Monday’s 46.9-cent spike by May futures had its expected impact on the cash market Tuesday; prices continued to rise at nearly all points. A slow warming trend in the Northeast and cooling weather in the central South and Southwest were draining heating and cooling load, respectively, by moderate amounts. But lows in the 20s and 30s in the Rockies, Upper Plains and parts of the Midwest provided a fair amount of residual heating demand.

One source suggested that prices also were deriving support from buyers who have begun the storage injection season on schedule.

Flat quotes at two New England delivery points — Tennessee Zone 6 and Dracut — kept the market from achieving a clean sweep of gains. Otherwise, increases ranged from about a dime to a little more than 40 cents. The Rockies tended to see most of the largest advances.

Besides cool to cold weather in much of the West, supplies were experiencing a bit of tightness. Low linepack levels led PG&E to issue a customer-specific OFO for Wednesday; the citygate rose a little more than a quarter. And El Paso said drafting of its system and underperformance at some receipt points led it to set the probability of declaring a Strained Operating Condition or Critical Operating Condition to high. Prices were up 30-35 cents in the pipeline’s Permian Basin and two San Juan Basin pools.

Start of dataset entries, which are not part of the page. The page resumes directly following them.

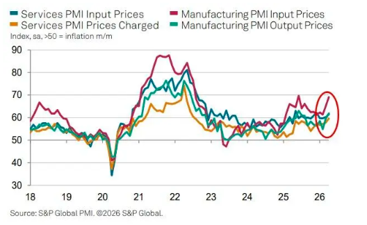 与此同时,美国4月制造业PMI初值录得54.0,高于前值的52.3,创47个月新高,但这一涨幅部分反映了企业为抢购可能因与伊朗的战争而短缺的物资所做的努力,更多源于预防性囤货,而非终端需求的实质性改善。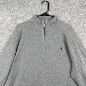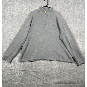 Polo Ralph Lauren 1/4 Zip Pullover Blue Pony Knit Stretch Sweater XL Gray Jumper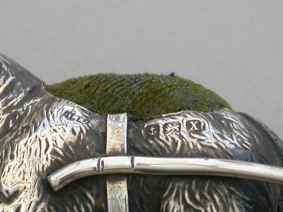 George V Novelty Silver Dog Pulling a Cart Pin Cushion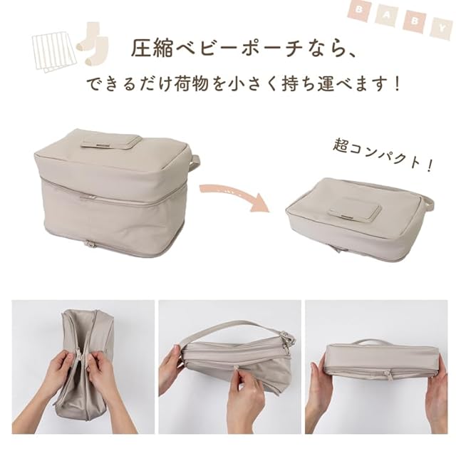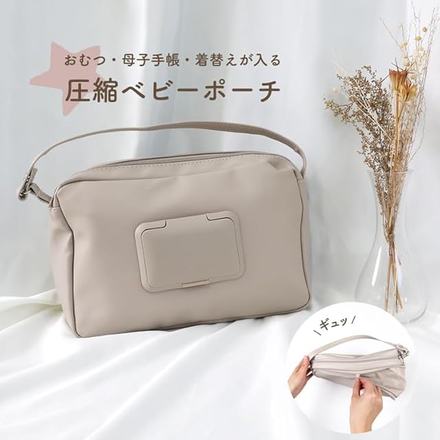 【圧縮してコンパクトに】おむつ・母子手帳・着替えなど、これひとつにギュギュっと収納!大容量サイズですが、圧縮ポーチなので、超コンパクトにまとめられます◎ おしりふきシートもセットできるので、あっという時にササっと取り出せます!ベビーカーハンドルやバッグに取り付けられるショルダーつき!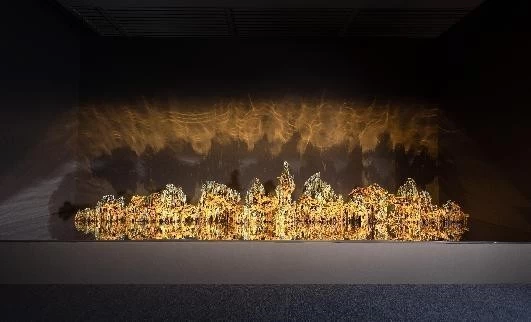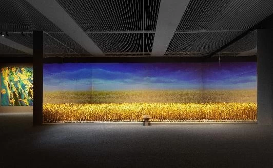 步入展厅,彷佛进入了一个“铜话”的世界。展览中,中国第一座彩色铜雕宝塔——雷峰塔的建筑艺术品,第一座铜桥“涌金桥”,及代表中国铜壁画创作高峰的《万泉归海》等经典作品细数亮相。国博珍藏的熔铜艺术开山之作——《阙立》,时隔十七年再次与观众见面,与《稻可道,非常稻》《千里江山》《燃烧的向日葵》等作品,共同演绎了一场形意交织的双重盛宴。

High temperatures in the 80s were due to continue Wednesday in the Louisiana-Texas area, but cooler conditions are setting in to either side in the central and eastern South and the desert Southwest. Atlanta and Memphis, TN, are expected to barely reach 70 degrees, while Phoenix, where mid 80s highs had reigned through Tuesday, will be dropping to the mid 70s.

A futures decline of 9.4 cents Tuesday will give moderately negative guidance to physical gas prices Wednesday.

It’s cooler than normal in California for this time of year, said a western trader, who noted that San Francisco and Sacramento were recording overnight lows in the mid 40s. “I’m betting on another up day” for prices Wednesday, he said — at least in the West. Other regions may soften due to moderating weather and Tuesday’s screen drop, he added.

A Midcontinent producer agreed that prices are likely to fall a bit at some eastern points. Cash prices were moving lower near the end of trading Tuesday, which is usually an indicator of next-day softness, he said.

“It will be remembered as the winter that would not go away,” SunTrust Robinson Humphrey/the Gerdes Group noted in a Tuesday commentary. “Traders started today with a lot of blue to stare at on their weather screens. Not the pale blue variety that yields perhaps a 10-cent gain in prices, but the 50-cent deep blue that means we will work storage into an even deeper hole as cold weather is now expected to descend over the core heating demand locations of the eastern half of the country later this week and into next.”

Stephen Smith of Stephen Smith Energy Associates is projecting a storage pull of 12 Bcf to be reported for the week ending April 4, which Smith said was down from his original estimate of 22 Bcf.

Citigroup’s Tim Evans also expects one more net withdrawal before the refill process begins in earnest. Evans projected a 15 Bcf draw for the week ending April 4 preceding injections of 20 Bcf and 30 Bcf for the weeks ending April 11 and April 18, respectively.